Repeat, word for word, all the data that follows, and exclude the pictures.

■ Dataset excerpt
#####

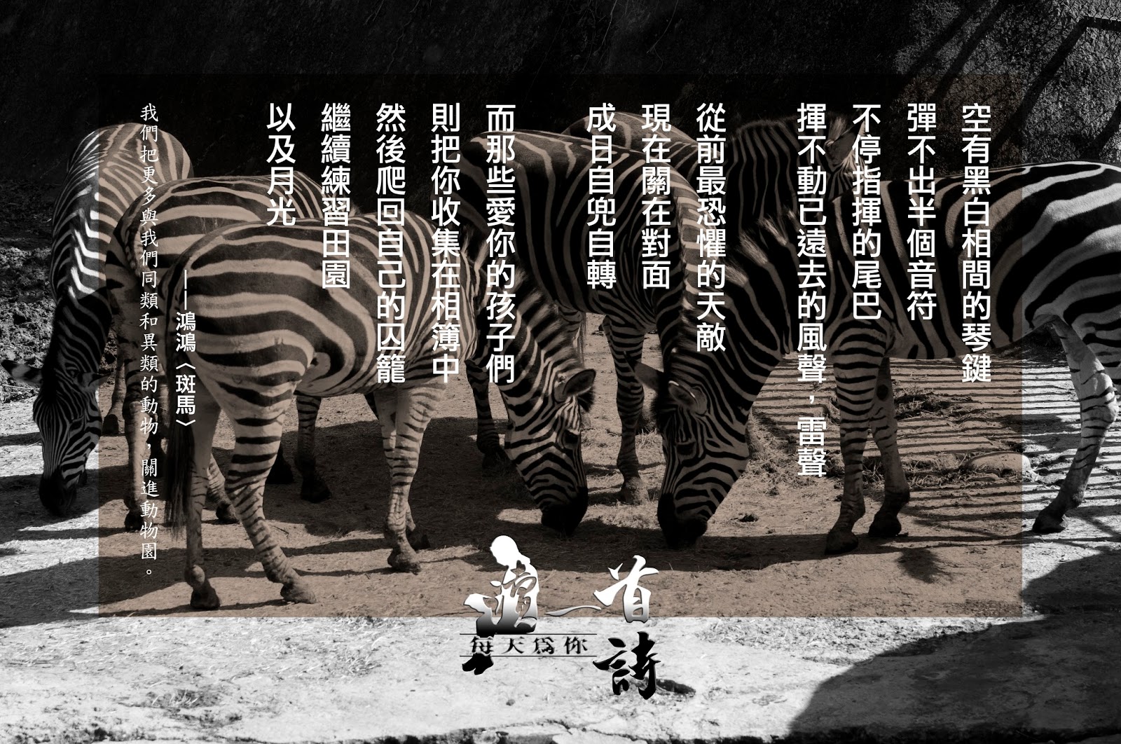 每天為你讀一首詩 斑馬 我們把更多與我們同類和異類的動物 關進動物園 鴻鴻
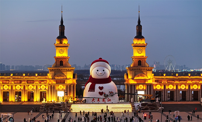 Огромный снеговик в Харбине
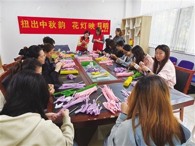 本报讯 (记者 段雨萌) “您看这个花瓣弧度再捏圆点,挂起来更像真莲花!”“咱们把灯笼链条多绕两圈,晚上亮灯更有层次感”……近日,在开源街道民悦、民嘉、民华社区组成的宜居团组活动现场,一场热闹的中秋主题活动在温情上演。
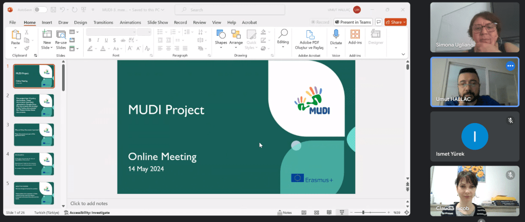 Astăzi am participat la întâlnirea periodică pentru proiectul Erasmus+ MUDI (Multidisciplinary design of a training for parents and teachers to prevent peer bullying), care își propune să realizeze programe online de prevenție a bullying-ului, dedicate părinților și profesorilor care predau la liceu. Fiind un proiect finantat prin programul Erasmus+, toate materialele și aplicațiile vor fi disponibile gratuit.

#####

■ Expected answer
 每天為你讀一首詩 斑馬 我們把更多與我們同類和異類的動物 關進動物園 鴻鴻
 Огромный снеговик в Харбине
 本报讯 (记者 段雨萌) “您看这个花瓣弧度再捏圆点,挂起来更像真莲花!”“咱们把灯笼链条多绕两圈,晚上亮灯更有层次感”……近日,在开源街道民悦、民嘉、民华社区组成的宜居团组活动现场,一场热闹的中秋主题活动在温情上演。
 Astăzi am participat la întâlnirea periodică pentru proiectul Erasmus+ MUDI (Multidisciplinary design of a training for parents and teachers to prevent peer bullying), care își propune să realizeze programe online de prevenție a bullying-ului, dedicate părinților și profesorilor care predau la liceu. Fiind un proiect finantat prin programul Erasmus+, toate materialele și aplicațiile vor fi disponibile gratuit.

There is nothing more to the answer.